Liver injury in individuals with GD may be multifactorial. These include direct toxicity as a result of excessive thyroid hormone production, hepatocellular anoxia, free radical production, direct action of TRAb, and use of ATD medications. In this case, the patient had a raised ALT at presentation prior to starting CBZ, which may represent direct hepatic dysfunction due to his hyperthyroid state. This followed a rapidly evolving transaminitis upon commencing CBZ. The liver function had normalised within five weeks of cessation of CBZ. The symptoms of thyrotoxicosis were managed with propranolol prior to definitive radioiodine therapy. Predictive factors such as age, high TRAb titres, tachycardia, and high fT3 levels could be used to prognosticate the development of hepatic involvement.

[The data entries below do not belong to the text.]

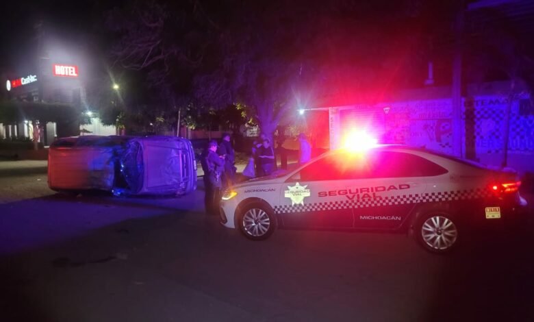 Apatzingán, Mich.- 20 de enero de 2026. En un intento por detener a los responsables de un violento robo, un hombre terminó volcando su camioneta en la colonia José María Morelos. El incidente ocurrió pasadas las 3:20 de la madrugada, cuando Felipe M. Á., de 39 años, perseguía a sujetos que minutos antes habían despojado a punta de pistola una motocicleta a sus familiares. La persecución terminó abruptamente sobre la avenida Francisco I. Madero, a la altura del hotel Cast-Innm, donde el conductor perdió el control del vehículo.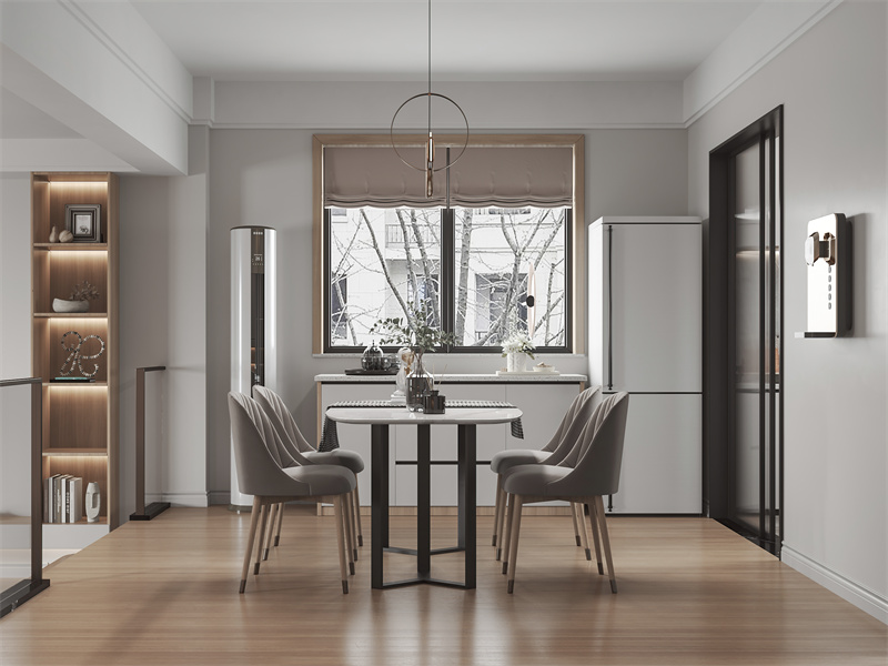 浅木色地板搭配浅灰调柜体,营造温润氛围。弧形餐桌与同色系绒面餐椅线条柔和,简洁精致。侧边展示柜内嵌灯光,陈列摆件增添艺术感。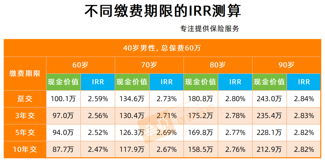 测算条件同样是:40岁男性,总保费60万,5年交。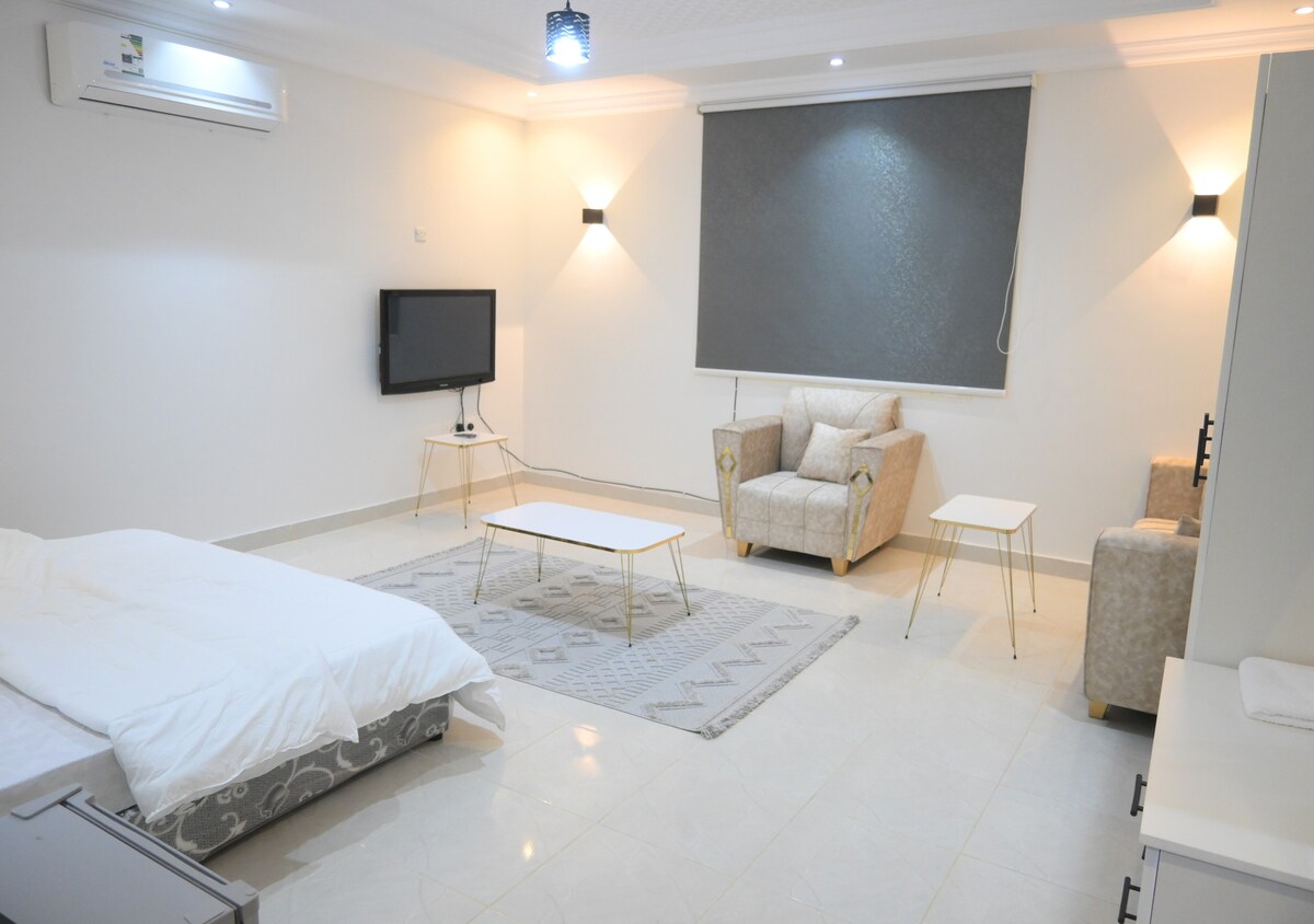 - 주방 시설을 완벽하게 이용할 수 있는 조용한 숙소 모든 서비스 근처 _편안한 카운슬이 있는 마스터 침실 모든 앱이 있는 55인치 스마트 스크린 최대 250MB의 인터넷 모든 조리 도구를 갖춘 통합 주방 _목욕 공간이 있는 욕실 _디퓨저와 다리미판이 있는 세탁실 _선지자 하람에서 차로 5~7분 거리 🚗 _ 주변에 모든 레스토랑, 슈퍼마켓, 이발소, 세탁소, 필요한 모든 서비스가 있습니다. _알하라마인 기차역에서 차로 10분 거리 🚗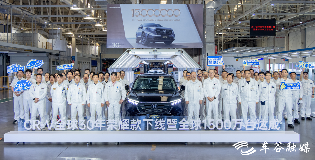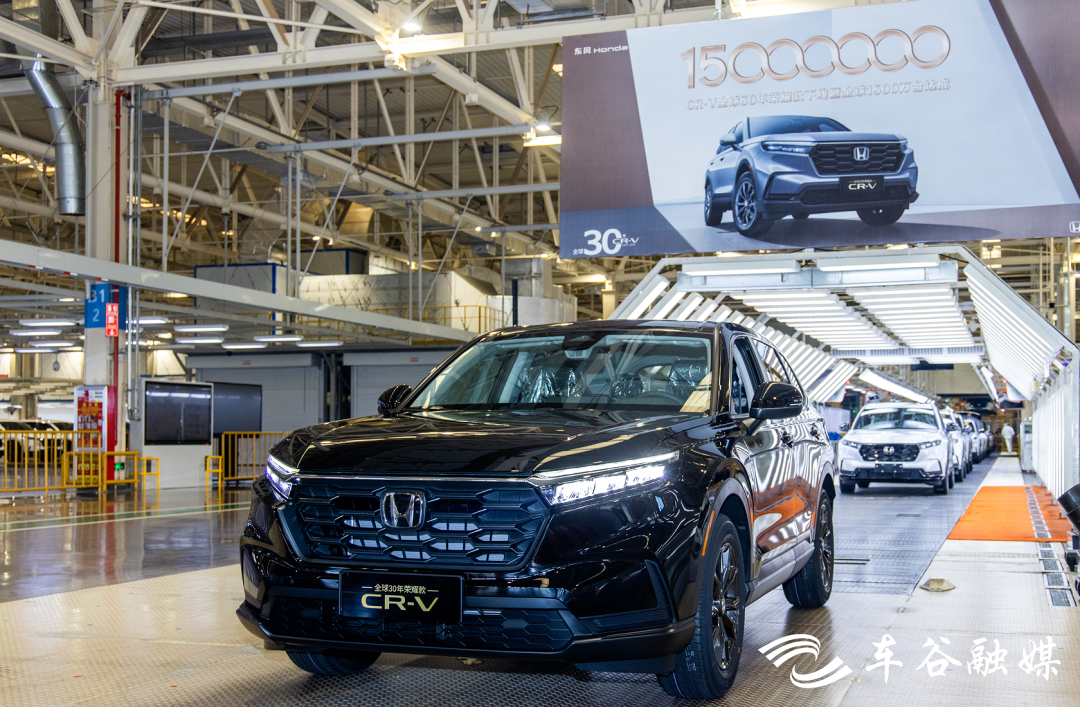 9月15日11時40許,在位于武漢經(jīng)開區(qū)的東風本田第三工廠總裝車間,一輛東風本田CR-V全球30年榮耀款緩緩駛下生產(chǎn)線。同日,CR-V全球累計銷量突破1500萬臺,成為全球最受歡迎的家用SUV之一。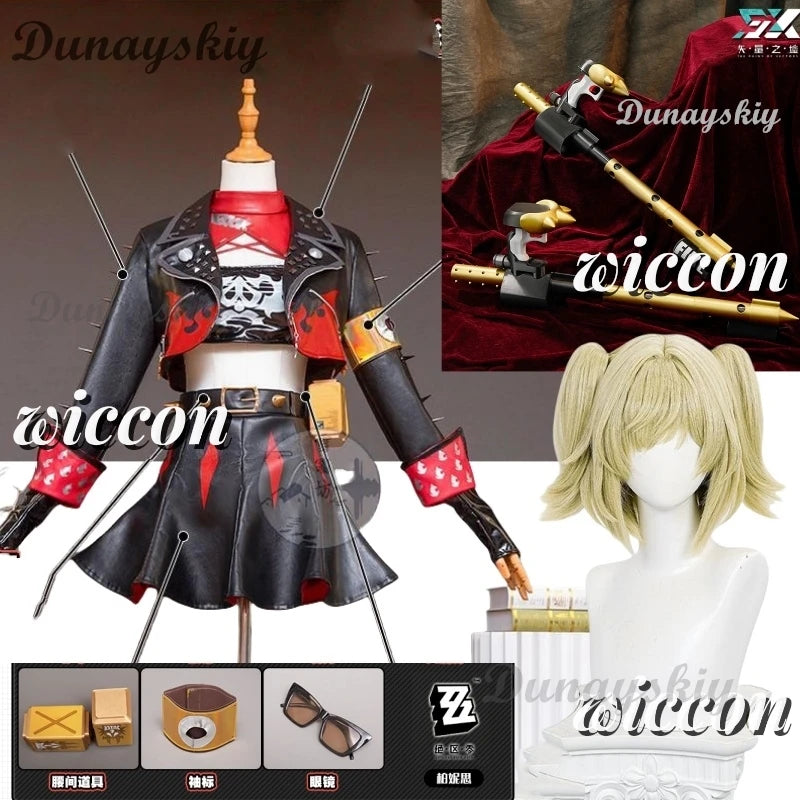 Burnice White Cosplay Costume Wig Hair Zenless Zone Zero Role Play Halloween Party Glasses Woman Comic-Con Disguise Combat Set

This case highlights the challenges of managing hyperthyroidism in the context of liver dysfunction with many possible contributing factors. Patients should be counselled regarding symptoms of hepato-biliary toxicity, including abdominal pain, pruritic, and jaundice. A multidisciplinary team can consider alternative management options such as radioiodine therapy or surgery in individuals with worsening liver dysfunction.

9. Key Learning Points

• Liver injury in GD may be multifactorial due to thyrotoxicosis, GD, ATDs, or other unrelated causes;
• PTU can cause hepatocellular toxicity, whereas CBZ more typically results in cholestatic jaundice without hepatic necrosis;
• LFTs should be measured before starting ATDs, with some guidelines suggesting routine LFT monitoring within 120 days of ATD initiation;
• If LFTs are >5× ULN, thionamides should be stopped.